(TASK DESCRIPTION):
All of the lines below are to be transcribed faithfully, with pictures excluded from the copy.

(INFORMATION SUPPLIED):
-*-*-
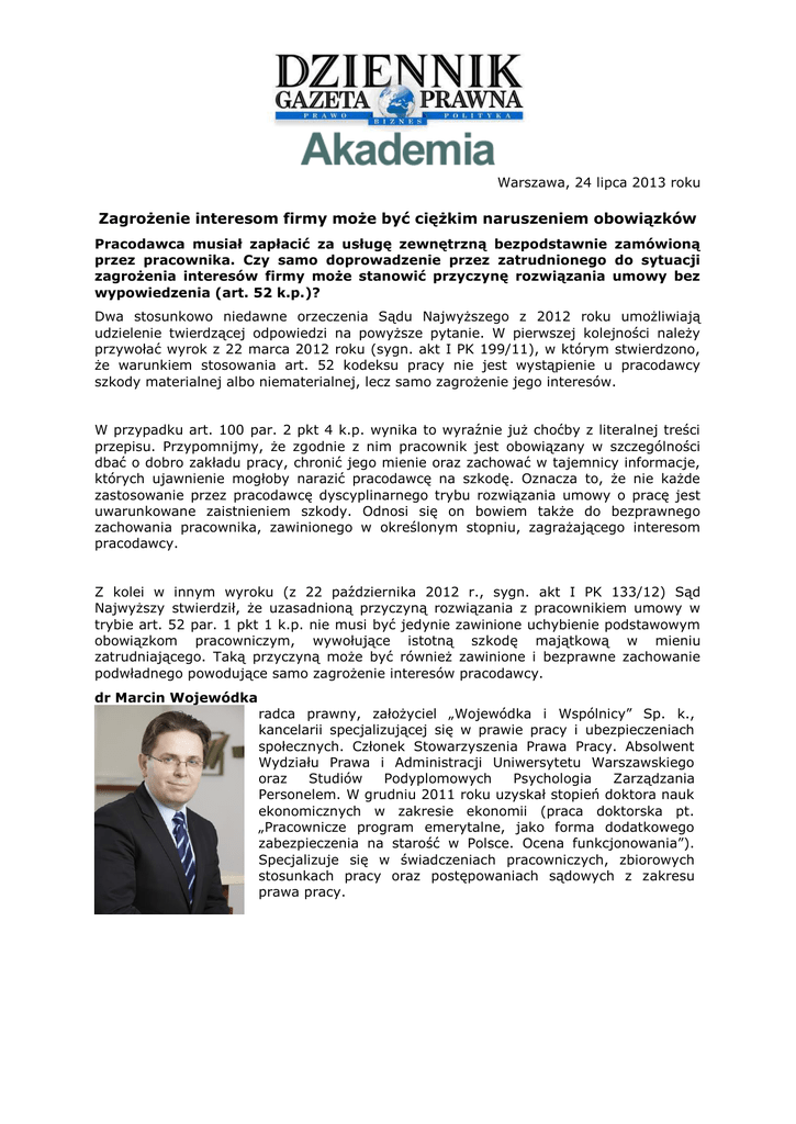 Warszawa, 24 lipca 2013 roku Zagrożenie interesom firmy może być ciężkim naruszeniem obowiązków Pracodawca musiał zapłacić za usługę zewnętrzną bezpodstawnie zamówioną przez pracownika. Czy samo doprowadzenie przez zatrudnionego do sytuacji zagrożenia interesów firmy może stanowić przyczynę rozwiązania umowy bez wypowiedzenia (art. 52 k.p.)? Dwa stosunkowo niedawne orzeczenia Sądu Najwyższego z 2012 roku umożliwiają udzielenie twierdzącej odpowiedzi na powyższe pytanie. W pierwszej kolejności należy przywołać wyrok z 22 marca 2012 roku (sygn. akt I PK 199/11), w którym stwierdzono, że warunkiem stosowania art. 52 kodeksu pracy nie jest wystąpienie u pracodawcy szkody materialnej albo niematerialnej, lecz samo zagrożenie jego interesów. W przypadku art. 100 par. 2 pkt 4 k.p. wynika to wyraźnie już choćby z literalnej treści przepisu. Przypomnijmy, że zgodnie z nim pracownik jest obowiązany w szczególności dbać o dobro zakładu pracy, chronić jego mienie oraz zachować w tajemnicy informacje, których ujawnienie mogłoby narazić pracodawcę na szkodę. Oznacza to, że nie każde zastosowanie przez pracodawcę dyscyplinarnego trybu rozwiązania umowy o pracę jest uwarunkowane zaistnieniem szkody. Odnosi się on bowiem także do bezprawnego zachowania pracownika, zawinionego w określonym stopniu, zagrażającego interesom pracodawcy. Z kolei w innym wyroku (z 22 października 2012 r., sygn. akt I PK 133/12) Sąd Najwyższy stwierdził, że uzasadnioną przyczyną rozwiązania z pracownikiem umowy w trybie art. 52 par. 1 pkt 1 k.p. nie musi być jedynie zawinione uchybienie podstawowym obowiązkom pracowniczym, wywołujące istotną szkodę majątkową w mieniu zatrudniającego. Taką przyczyną może być również zawinione i bezprawne zachowanie podwładnego powodujące samo zagrożenie interesów pracodawcy. dr Marcin Wojewódka radca prawny, założyciel „Wojewódka i Wspólnicy” Sp. k., kancelarii specjalizującej się w prawie pracy i ubezpieczeniach społecznych. Członek Stowarzyszenia Prawa Pracy. Absolwent Wydziału Prawa i Administracji Uniwersytetu Warszawskiego oraz Studiów Podyplomowych Psychologia Zarządzania Personelem. W grudniu 2011 roku uzyskał stopień doktora nauk ekonomicznych w zakresie ekonomii (praca doktorska pt. „Pracownicze program emerytalne, jako forma dodatkowego zabezpieczenia na starość w Polsce. Ocena funkcjonowania”). Specjalizuje się w świadczeniach pracowniczych, zbiorowych stosunkach pracy oraz postępowaniach sądowych z zakresu prawa pracy.
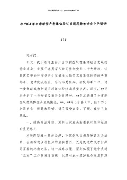 【七哥公文】2024年:在2024年全市新型农村集体经济发展现场推进会上的讲话(2)+更多免费公文+VX:QiGeGongWen2024
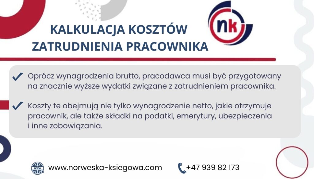 Po odliczeniu podatku pracownik otrzymuje na swoje konto bankowe kwotę netto wynoszącą 26 400 NOK (35 200 NOK – 8 800 NOK). Należy jednak pamiętać, że pensja brutto nie jest jedynym kosztem, jaki ponosi pracodawca.
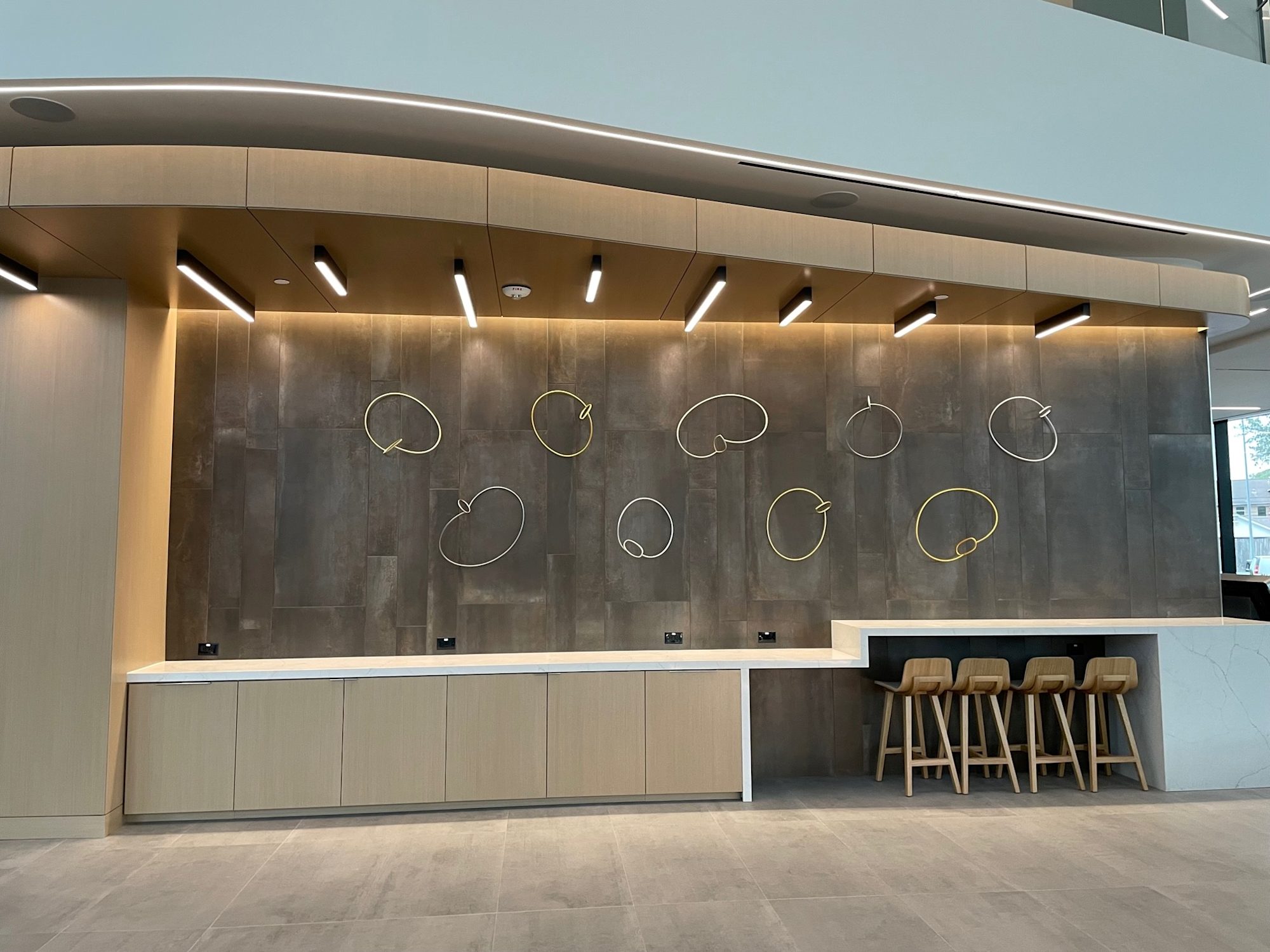 To activate space & engage the viewer Tara Conley employs metal, light, line, text, & shadow, mixing materials & processes in surprising ways. Careful, deliberate attention is paid to each surface & every line. She explores the power & subtlety of line by bending steel & stainless steel round bar, creating volume without weight. Like a gesture of roping wind, the lines & shadows bring the viewer to a place where clarity & resonance are unimpaired. Intuitive, vulnerable, & lyrical, the pieces are both material & spiritual. Calibrated & free form concealment, they are unfolded line drawings. Negative space captures the viewer while the line work encourages one to look in, on ,up & within. Conley has an extraordinary knack for creating organic, yet original, shapes from man-made materials, adding a delightful sense of humor & wonder to the mix. Tara received her BA from Rochester Institute of Technology. She lives & works in Houston, Texas.
-*-*-
(SOLUTION TO THE EXERCISE):
 Warszawa, 24 lipca 2013 roku Zagrożenie interesom firmy może być ciężkim naruszeniem obowiązków Pracodawca musiał zapłacić za usługę zewnętrzną bezpodstawnie zamówioną przez pracownika. Czy samo doprowadzenie przez zatrudnionego do sytuacji zagrożenia interesów firmy może stanowić przyczynę rozwiązania umowy bez wypowiedzenia (art. 52 k.p.)? Dwa stosunkowo niedawne orzeczenia Sądu Najwyższego z 2012 roku umożliwiają udzielenie twierdzącej odpowiedzi na powyższe pytanie. W pierwszej kolejności należy przywołać wyrok z 22 marca 2012 roku (sygn. akt I PK 199/11), w którym stwierdzono, że warunkiem stosowania art. 52 kodeksu pracy nie jest wystąpienie u pracodawcy szkody materialnej albo niematerialnej, lecz samo zagrożenie jego interesów. W przypadku art. 100 par. 2 pkt 4 k.p. wynika to wyraźnie już choćby z literalnej treści przepisu. Przypomnijmy, że zgodnie z nim pracownik jest obowiązany w szczególności dbać o dobro zakładu pracy, chronić jego mienie oraz zachować w tajemnicy informacje, których ujawnienie mogłoby narazić pracodawcę na szkodę. Oznacza to, że nie każde zastosowanie przez pracodawcę dyscyplinarnego trybu rozwiązania umowy o pracę jest uwarunkowane zaistnieniem szkody. Odnosi się on bowiem także do bezprawnego zachowania pracownika, zawinionego w określonym stopniu, zagrażającego interesom pracodawcy. Z kolei w innym wyroku (z 22 października 2012 r., sygn. akt I PK 133/12) Sąd Najwyższy stwierdził, że uzasadnioną przyczyną rozwiązania z pracownikiem umowy w trybie art. 52 par. 1 pkt 1 k.p. nie musi być jedynie zawinione uchybienie podstawowym obowiązkom pracowniczym, wywołujące istotną szkodę majątkową w mieniu zatrudniającego. Taką przyczyną może być również zawinione i bezprawne zachowanie podwładnego powodujące samo zagrożenie interesów pracodawcy. dr Marcin Wojewódka radca prawny, założyciel „Wojewódka i Wspólnicy” Sp. k., kancelarii specjalizującej się w prawie pracy i ubezpieczeniach społecznych. Członek Stowarzyszenia Prawa Pracy. Absolwent Wydziału Prawa i Administracji Uniwersytetu Warszawskiego oraz Studiów Podyplomowych Psychologia Zarządzania Personelem. W grudniu 2011 roku uzyskał stopień doktora nauk ekonomicznych w zakresie ekonomii (praca doktorska pt. „Pracownicze program emerytalne, jako forma dodatkowego zabezpieczenia na starość w Polsce. Ocena funkcjonowania”). Specjalizuje się w świadczeniach pracowniczych, zbiorowych stosunkach pracy oraz postępowaniach sądowych z zakresu prawa pracy.
 【七哥公文】2024年:在2024年全市新型农村集体经济发展现场推进会上的讲话(2)+更多免费公文+VX:QiGeGongWen2024
 Po odliczeniu podatku pracownik otrzymuje na swoje konto bankowe kwotę netto wynoszącą 26 400 NOK (35 200 NOK – 8 800 NOK). Należy jednak pamiętać, że pensja brutto nie jest jedynym kosztem, jaki ponosi pracodawca.
 To activate space & engage the viewer Tara Conley employs metal, light, line, text, & shadow, mixing materials & processes in surprising ways. Careful, deliberate attention is paid to each surface & every line. She explores the power & subtlety of line by bending steel & stainless steel round bar, creating volume without weight. Like a gesture of roping wind, the lines & shadows bring the viewer to a place where clarity & resonance are unimpaired. Intuitive, vulnerable, & lyrical, the pieces are both material & spiritual. Calibrated & free form concealment, they are unfolded line drawings. Negative space captures the viewer while the line work encourages one to look in, on ,up & within. Conley has an extraordinary knack for creating organic, yet original, shapes from man-made materials, adding a delightful sense of humor & wonder to the mix. Tara received her BA from Rochester Institute of Technology. She lives & works in Houston, Texas.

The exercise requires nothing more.